Antimicrobial resistance (AMR), which occurs when pathogens such as bacteria stop responding to medicines like antibiotics, is currently classified by the World Health Organization (WHO) as one of the top 10 global health threats. 

Can you imagine being infected by a highly contagious bacteria when only talking to infected people? And that the same bacteria can acquire mechanisms to resist the killing capacity of two of our best antibiotics against it in many countries? And that in some countries the same bacteria even develop an additional resistant mechanism to one of the few antibiotics left able to kill double resistant bacteria?  

You don’t need to imagine anymore. I introduce you to tuberculosis, a dangerous, silently developing, humanity killing weapon. 

But tuberculosis is not alone in the antimicrobial resistance force. There is even an acronym, ‘ESKAPE’, to refer to six highly virulent and antibiotic-resistant bacterial pathogens: Enterococcus faecium, Staphylococcus aureus, Klebsiella pneumoniae, Acinetobacter baumannii, Pseudomonas aeruginosa, and Enterobacter spp. Mycobacterium tuberculosis, the bacteria causing tuberculosis, with around 1 million global deaths annually, is not even included among the six. 

In fact, more than 35.000 people die annually from antimicrobial-resistant infections only in the EU/EEA, and WHO has predicted AMR to cause 10 million global deaths annually by 2050, which is the number of people now dying of cancer per year. But this is of course if science does not find any solution first. Is there any way to avoid going back to the medieval ages where people died by infections that today are simply treated with a few days of antibiotic treatments? 

For some people, antimicrobial peptides (AMPs) could be the key to this conundrum. AMPs are a natural defense of many organisms against bacteria and other pathogens, and they can be artificially synthesized. Thousands have already been identified, and artificial intelligence is currently helping not only with their fast discovery but also with their characterization and even modification for a more targeted and less toxic effect in humans. 

So, are AMPs THE method for us to be finished with bacterial infections? 

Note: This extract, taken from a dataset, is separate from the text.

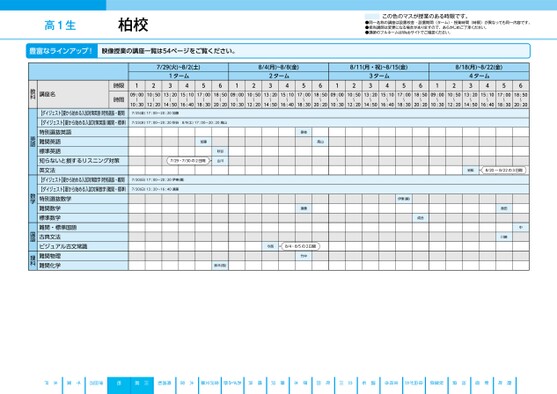 ●2025年度/夏期講習/東日本/川越/高1生/パターン34602025_56_3_333_31_20250328105147.csv/1ページ校了時削除この色のマスが授業のある時限です。●同一名称の講座は設置校舎・設置期間(ターム)・授業時間(時限)が異なっても同一内容です。●担当講師は変更になる場合がありますので、あらかじめご了承ください。●講師のフルネームはWebサイトでご確認ください。高1生柏校7/29(火)~8/2(土)1ターム431256128/4(月)~8/8(金)2ターム438/11(月・祝)~8/15(金)8/18(月)~8/22(金)56123ターム4356124ターム435609:0010:5013:2015:1017:0018:5009:0010:5013:2015:1017:0018:5009:0010:5013:2015:1017:0018:5009:0010:5013:2015:1017:0018:50〜〜〜〜〜〜〜〜〜〜〜〜〜10:3012:2014:5016:4018:3020:2010:3012:2014:5016:4018:3020:2010:3012:2014:5016:4018:3020:2010:3012:2014:5016:4018:3020:20〜〜〜〜〜〜〜〜〜〜〜7/25(金)17:00〜20:20加藤7/23(水)17:00〜20:20秋谷8/9(土)17:00〜20:20高山加藤7/29・7/30の2日間秋谷山川7/20(日)17:00〜20:20伊東(鋼)7/20(日)13:20〜16:40遠藤是枝高山遠藤今西8/4・8/5の2日間竹中鈴木(翔)伊東(鋼)成合岩舩8/20〜8/22の3日間島田川崎中時限時間講座名教科【ダイジェスト】夏から始める入試対策英語(特別選抜・難関)【ダイジェスト】夏から始める入試対策英語(難関・標準)特別選抜英語難関英語標準英語知らないと損するリスニング対策英文法【ダイジェスト】夏から始める入試対策数学(特別選抜・難関)【ダイジェスト】夏から始める入試対策数学(難関・標準)特別選抜数学難関数学標準数学難関・標準国語古典文法ビジュアル古文常識難関物理難関化学英語数学国語理科豊富なラインアップ!映像授業の講座一覧は54ページをご覧ください。水戸千葉津田沼柏川越南浦和大宮金沢文庫あざみ野横浜藤沢厚木町田立川調布吉祥寺自由が丘秋葉原池袋新宿麹町

Well, AMPs are not as different from antibiotics, and they usually have a weaker killing capacity. Nevertheless, they present some advantages over antibiotics, one being their structure, which allows them to permeabilize the outer membrane of Gram-negative bacteria, which is the layer that usually limit the entry of antibiotics into the Gram-negative bacteria, making them naturally resistant to many antibiotics. 

Still, some Gram-negative bacteria naturally have some modifications in this outer membrane making them also AMP resistant. 

AMPs’ most important advantage is probably that some of them present a multitarget mode of action, disrupting very different mechanisms for bacteria’s survival. While this is a huge advantage from the antimicrobial resistance perspective, as it would be challenging for the bacteria to develop several resistant mechanisms against the AMP at the same time in order to survive, it does come at a cost. This untargeted killing capacity of AMPs frequently affects human cells’ survival too, which means that some AMPs would cause toxicity to those patients that would receive the AMP treatment to cure a bacterial infection.  

Another important drawback of AMPs is their low stability, being quickly inactivated in blood. Although this could be overcome by research on nanoparticles as a way to deliver and slowly release the protected AMPs in the body. 

So, in my opinion, AMPs are unfortunately not THE key to end bacterial infections, but they could be a very useful weapon against bacteria when used in combination with antibiotics. However, they should be carefully prescribed, the same as for antibiotics, as recent research is demonstrating that bacteria can also become resistant to AMPs. Moreover, because AMPs are part of our natural defense system, bacteria could develop a cross-resistance to both, the AMP used as treatment and many other similar AMPs found naturally in our immune system, making our natural weapons against them useless. Finally, AMPs are known to interact with humans’ immune system, revealing the need for a deeper understanding of their action in human immunity before they become widely used as food preservatives, pesticides, disease-preventive in livestock or clinical settings. 

Hopefully, the treatment of bacterial infections with a well-designed combination of antimicrobial peptides and antibiotics will slow down the appearance of dangerous resistant bacteria. In the meantime, parallel research in other bacteria killing methods, like the use of special virus that specifically kill bacteria (known as bacteriophages), methods to inactivate the resistant mechanisms usually developed by bacteria under antibiotics pressure or vaccines, will help end the threat of bacterial infection.